The 7900 XTX's memory bandwidth of 0.96 TB/s is also crucial for efficient model execution. While the model fits comfortably in VRAM, the memory bandwidth dictates how quickly data can be transferred between the GPU and memory, directly impacting inference speed. The estimated 51 tokens/sec suggests a good balance between model size, quantization, and hardware capabilities. However, performance can still be further optimized by carefully tuning batch size and context length.

Despite lacking dedicated Tensor Cores like NVIDIA GPUs, the RDNA 3 architecture and its compute units allow the RX 7900 XTX to perform matrix multiplications effectively. Performance will be highly dependent on the software stack used, with optimized libraries and compilers playing a critical role in maximizing throughput. The estimated batch size of 11 indicates the number of independent sequences the model can process in parallel, influencing overall throughput.

lightbulb Recommendation

For optimal performance with Gemma 2 9B on the RX 7900 XTX, leverage the `llama.cpp` framework due to its excellent AMD GPU support and quantization capabilities. Experiment with different quantization levels (q4_k_m or q5_k_m) to find the best balance between VRAM usage and output quality. Monitor GPU utilization and memory usage to fine-tune the batch size and context length for your specific use case. Prioritize using ROCm optimized builds and libraries for maximum performance.
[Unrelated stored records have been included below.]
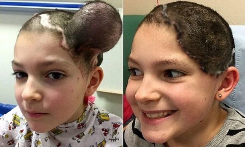 Born with a strange eczema covering half of her head, the 9-year-old underwent a complex surgery to reconstruct her scalp.
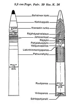 Характерным для германских боеприпасов бронебойного действия являлось использование унифицированных в различных калибрах снарядов, снаряжаемых, помимо указанного, в гильзы различной длины. Наиболее распространенным типом бронебойных снарядов являлся снаряд с индексом Pzgr. 39, имевший несколько модификаций, отличавшихся незначительными изменениями. Например, модификация 8,8-cm PzGr. 39-1 отличалась использованием более качественной стали. Модификация PzGr. 39/43 в том же калибре отличалась более широкими (относительно PzGr. 39-1) ведущими поясками: 17,8 мм вместо 12,3 мм, для предотвращения срыва с нарезов канала ствола при действии высоких давлений. Материал поясков - спечённое железо.
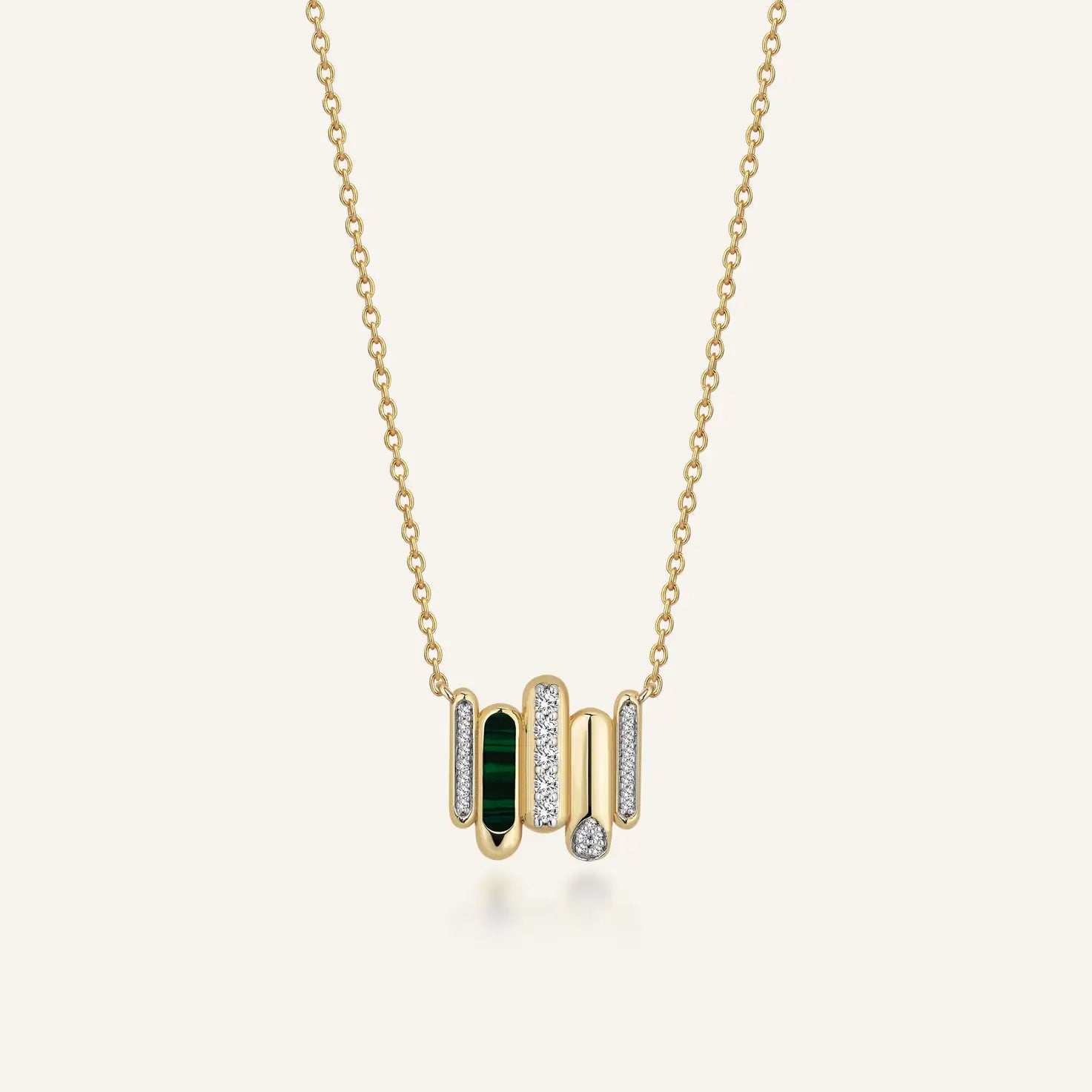 14 Ayar Altın, Pırlanta & Malakit Taşlı Dikey Formlu Kolye
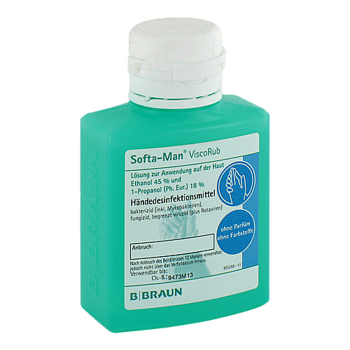 Softa-Man ViscoRub. Zusammensetzung: 100 ml Lösung enthalten: Wirkstoffe: Ethanol (100%) 45 g, 1-Propanol (Ph. Eur.) 18 g Sonstige Bestandteile: Gereinigtes Wasser, Butan-2-on, Glycerol, Isopropylmyristat (Ph. Eur.), (Hexadecyl,octadecyl)[(RS)-2-ethylhexanoat], Octyldodecanol (Ph. Eur.), Edetol, Acrylate (C10-30 Alkylacrylat-Crosspolymer), (+/ )alpha-Bisabolol. Anwendungsgebiete: Hygienische und chirurgische Händedesinfektion. Gegenanzeigen: Überempfindlichkeit (Allergie) gegenüber Ethanol oder 1-Propanol oder einen der sonstigen Bestandteile von Softa-Man ViscoRub. Nebenwirkungen: Kontaktallergie. Hautirritationen wie Rötung und Brennen insbesondere bei häufiger Anwendung. Warnhinweise: Entzündlich. Behälter dicht geschlossen halten. Von Zündquellen fernhalten. - Nicht rauchen! Nicht in die Augen bringen. Nicht auf verletzter Haut oder auf Schleimhäuten anwenden. Nur zur äußerlichen Anwendung. 52,3 Gew.% Ethanol, 20,9 Gew.% 1-Propanol; 21°C Flammpunkt nach DIN 51 755. Stand der Information: 02/2012. Pharmazeutischer Unternehmer: B.Braun Melsungen AG, 34209 Melsungen
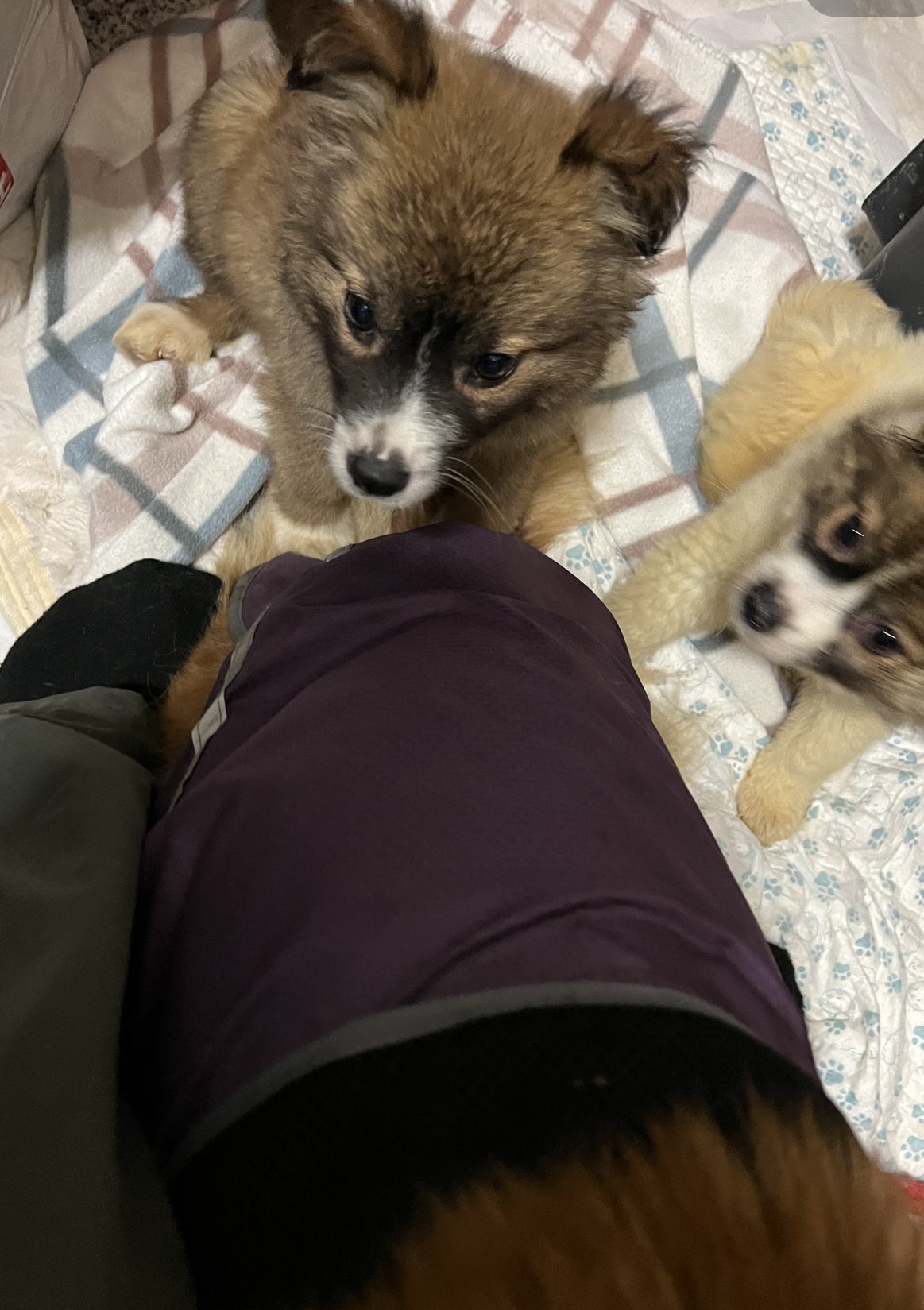 (↑左下が私の足(黒い靴下) 紫色のが先輩わんちゃんの服。)

Consider exploring advanced optimization techniques such as kernel fusion and memory layout optimizations if you require even higher throughput. If you encounter performance bottlenecks, profiling your code can help identify specific areas for improvement. Also, consider using the latest AMD drivers and ROCm software stack to ensure compatibility and access the latest performance enhancements.

tune Recommended Settings

Batch_Size
11 (tune based on VRAM usage)
Context_Length
8192
Other_Settings
['Use ROCm optimized builds', 'Profile code for bottlenecks', 'Update to the latest AMD drivers']
Inference_Framework
llama.cpp
Quantization_Suggested
q4_k_m (experiment with different levels)

help Frequently Asked Questions

Is Gemma 2 9B (9.00B) compatible with AMD RX 7900 XTX? expand_more
Yes, Gemma 2 9B is fully compatible with the AMD RX 7900 XTX, especially with quantization.
What VRAM is needed for Gemma 2 9B (9.00B)? expand_more
The VRAM needed for Gemma 2 9B depends on the precision. In FP16, it requires about 18GB. With q3_k_m quantization, it only needs 3.6GB.
How fast will Gemma 2 9B (9.00B) run on AMD RX 7900 XTX? expand_more
Expect approximately 51 tokens/sec with q3_k_m quantization. Performance can vary based on settings and software optimizations.